(EXERCISE INPUT Opens)
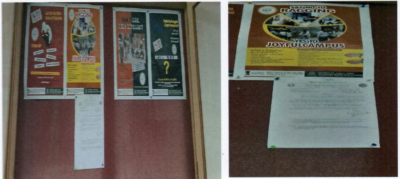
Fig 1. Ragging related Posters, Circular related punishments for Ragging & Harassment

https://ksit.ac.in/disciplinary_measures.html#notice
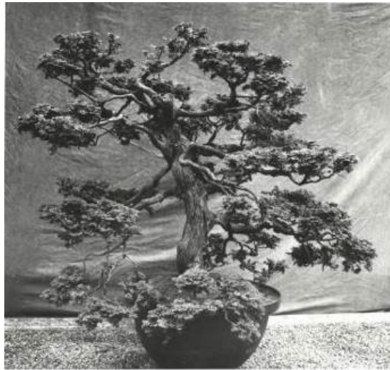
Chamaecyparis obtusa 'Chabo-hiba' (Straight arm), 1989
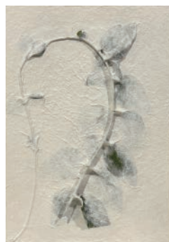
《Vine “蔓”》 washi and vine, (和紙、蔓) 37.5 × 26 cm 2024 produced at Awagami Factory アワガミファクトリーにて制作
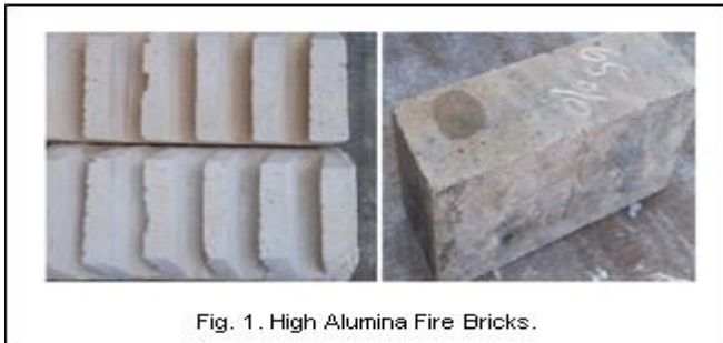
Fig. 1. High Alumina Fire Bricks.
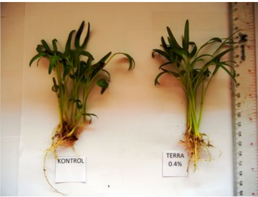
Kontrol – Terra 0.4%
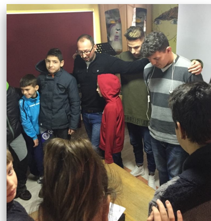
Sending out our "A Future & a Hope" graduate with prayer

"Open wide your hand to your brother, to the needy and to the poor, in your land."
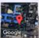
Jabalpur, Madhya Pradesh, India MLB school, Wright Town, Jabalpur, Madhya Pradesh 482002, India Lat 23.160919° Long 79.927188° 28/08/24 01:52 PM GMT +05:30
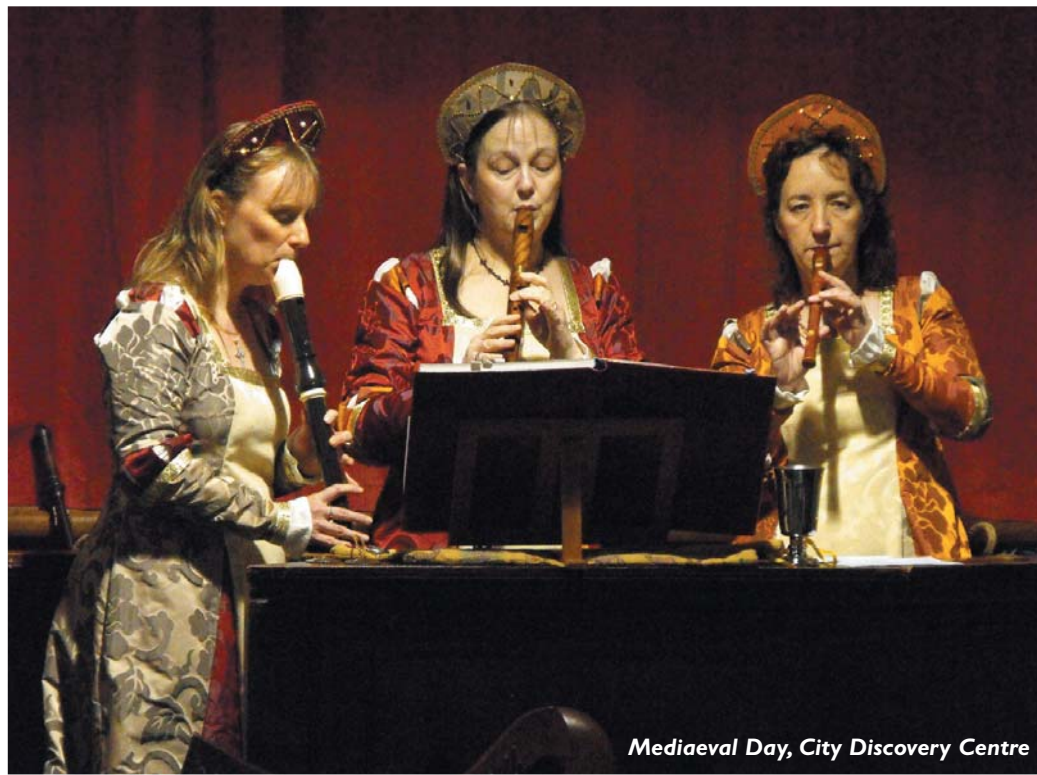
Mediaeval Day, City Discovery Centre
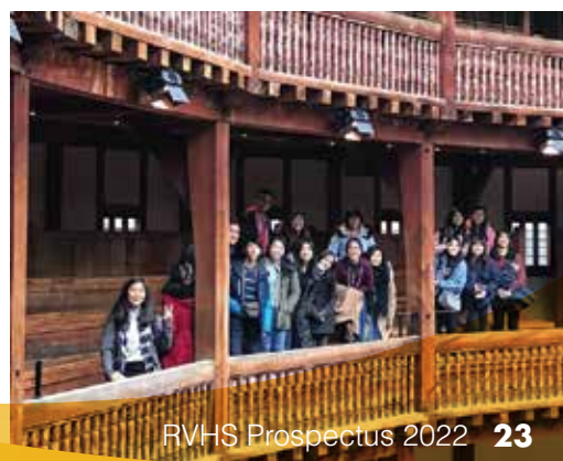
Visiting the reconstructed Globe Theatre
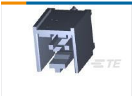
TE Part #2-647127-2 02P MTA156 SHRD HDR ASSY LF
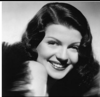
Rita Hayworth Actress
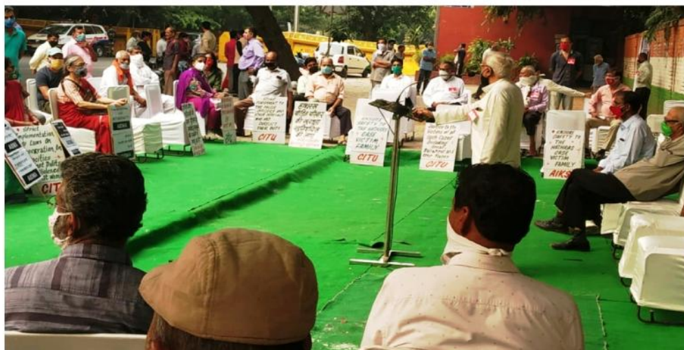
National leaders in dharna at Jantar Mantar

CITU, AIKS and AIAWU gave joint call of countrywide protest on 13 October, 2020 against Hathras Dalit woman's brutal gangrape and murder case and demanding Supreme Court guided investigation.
(EXERCISE INPUT Closes)
ABOUT THIS EXERCISE: Copy only these lines from the records above, exactly: the one with "Awagami Factory アワガミファクトリーにて制作", the one with "Mediaeval Day, City Discovery Centre", and those between. Skip the pictures.

ANSWER TO THIS PROBLEM:
《Vine “蔓”》 washi and vine, (和紙、蔓) 37.5 × 26 cm 2024 produced at Awagami Factory アワガミファクトリーにて制作
Fig. 1. High Alumina Fire Bricks.
Kontrol – Terra 0.4%
Sending out our "A Future & a Hope" graduate with prayer

"Open wide your hand to your brother, to the needy and to the poor, in your land."
Jabalpur, Madhya Pradesh, India MLB school, Wright Town, Jabalpur, Madhya Pradesh 482002, India Lat 23.160919° Long 79.927188° 28/08/24 01:52 PM GMT +05:30
Mediaeval Day, City Discovery Centre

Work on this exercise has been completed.